START PROVIDED RECORDS
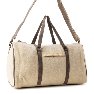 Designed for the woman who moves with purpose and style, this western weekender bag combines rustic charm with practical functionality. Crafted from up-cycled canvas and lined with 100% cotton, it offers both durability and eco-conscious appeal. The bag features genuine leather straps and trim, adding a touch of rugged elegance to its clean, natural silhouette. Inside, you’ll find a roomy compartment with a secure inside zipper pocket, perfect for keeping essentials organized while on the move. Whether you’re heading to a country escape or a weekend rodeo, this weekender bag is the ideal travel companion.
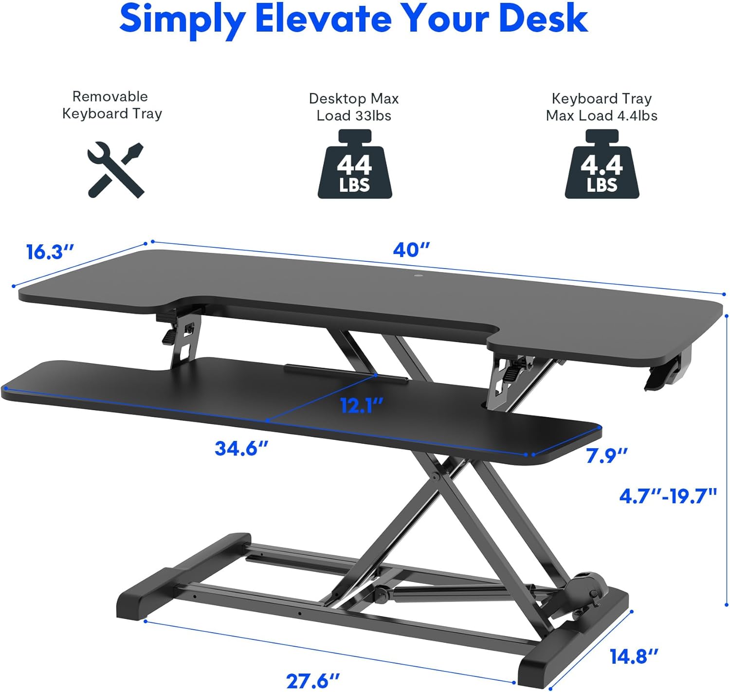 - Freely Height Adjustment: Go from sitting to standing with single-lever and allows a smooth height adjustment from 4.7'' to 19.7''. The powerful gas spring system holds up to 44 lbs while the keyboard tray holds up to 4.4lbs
END PROVIDED RECORDS
START PROVIDED RECORDS
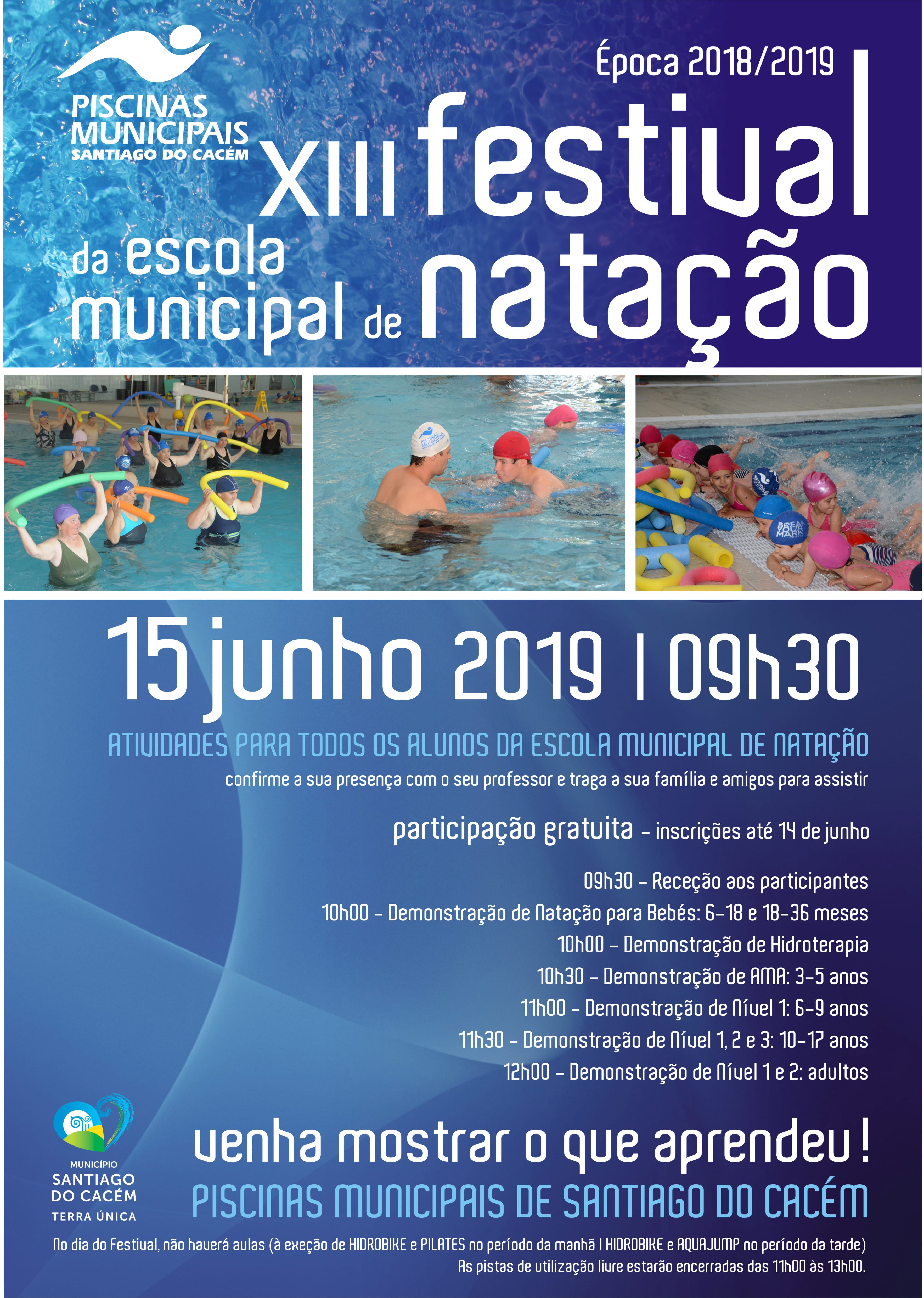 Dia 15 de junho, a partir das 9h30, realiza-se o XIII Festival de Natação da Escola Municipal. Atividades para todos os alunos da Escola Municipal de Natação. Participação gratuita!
END PROVIDED RECORDS
What you return must match, character for character, the lines above from the one with "Designed for the" through the one with "- Freely Height", minus any pictures.

ANSWER SPACE »
 Designed for the woman who moves with purpose and style, this western weekender bag combines rustic charm with practical functionality. Crafted from up-cycled canvas and lined with 100% cotton, it offers both durability and eco-conscious appeal. The bag features genuine leather straps and trim, adding a touch of rugged elegance to its clean, natural silhouette. Inside, you’ll find a roomy compartment with a secure inside zipper pocket, perfect for keeping essentials organized while on the move. Whether you’re heading to a country escape or a weekend rodeo, this weekender bag is the ideal travel companion.
 - Freely Height Adjustment: Go from sitting to standing with single-lever and allows a smooth height adjustment from 4.7'' to 19.7''. The powerful gas spring system holds up to 44 lbs while the keyboard tray holds up to 4.4lbs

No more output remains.